We screened human kidney-derived multipotent CD133+/CD24+ ARPCs for the possible expression of all 13 aquaporin isoforms cloned in humans. Interestingly, we found that ARPCs expressed both AQP5 mRNA and mature protein. This novel finding prompted us to investigate the presence of AQP5 in situ in kidney. We report here the novel finding that AQP5 is expressed in human, rat and mouse kidney at the apical membrane of type-B intercalated cells. AQP5 is expressed in the renal cortex and completely absent from the medulla.
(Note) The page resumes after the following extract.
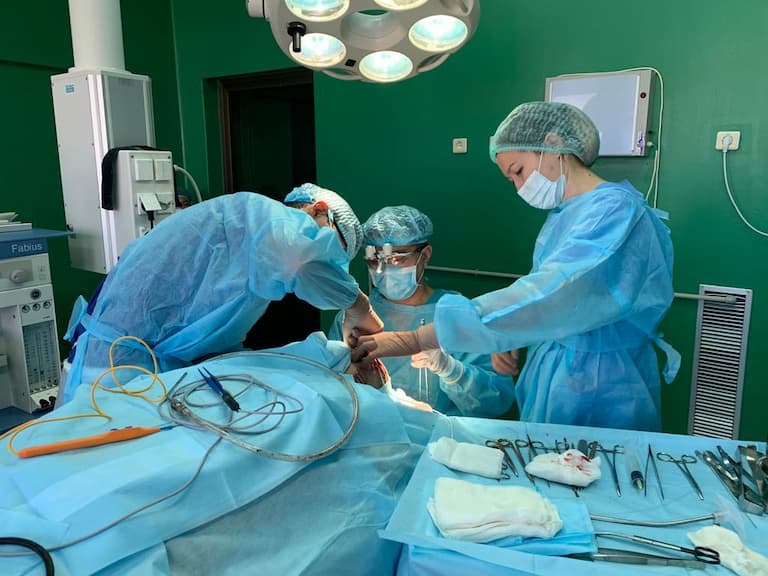 Отмечу, мы работаем в тесном сотрудничестве с Национальным Центром Нейрохирургии г.Астана, Больницей Медицинского центра Управления делами Президента РК, областным медицинским центом г.Караганда, Городской Клинической Больницей №7 г.Алматы. Наши специалисты Абай Пирманулы, Канат Набдинов, Ануар Косбармаков повышают квалифицацию в данных медицинских организациях, совместно проводят сложнейшие операции.

Immunocytochemical analysis using segment- and cell type-specific markers unambiguously indicated that AQP5 is expressed throughout the collecting system at the apical membrane of type-B intercalated cells, where it co-localizes with pendrin. No basolateral AQPs were detected in type-B intercalated cells, suggesting that AQP5 is unlikely to be involved in the net trans-epithelial water reabsorption occurring in the distal tubule. An intriguing hypothesis is that AQP5 may serve an osmosensor for the composition of the fluid coming from the thick ascending limb. Future studies will unravel the physiological role of AQP5 in the kidney.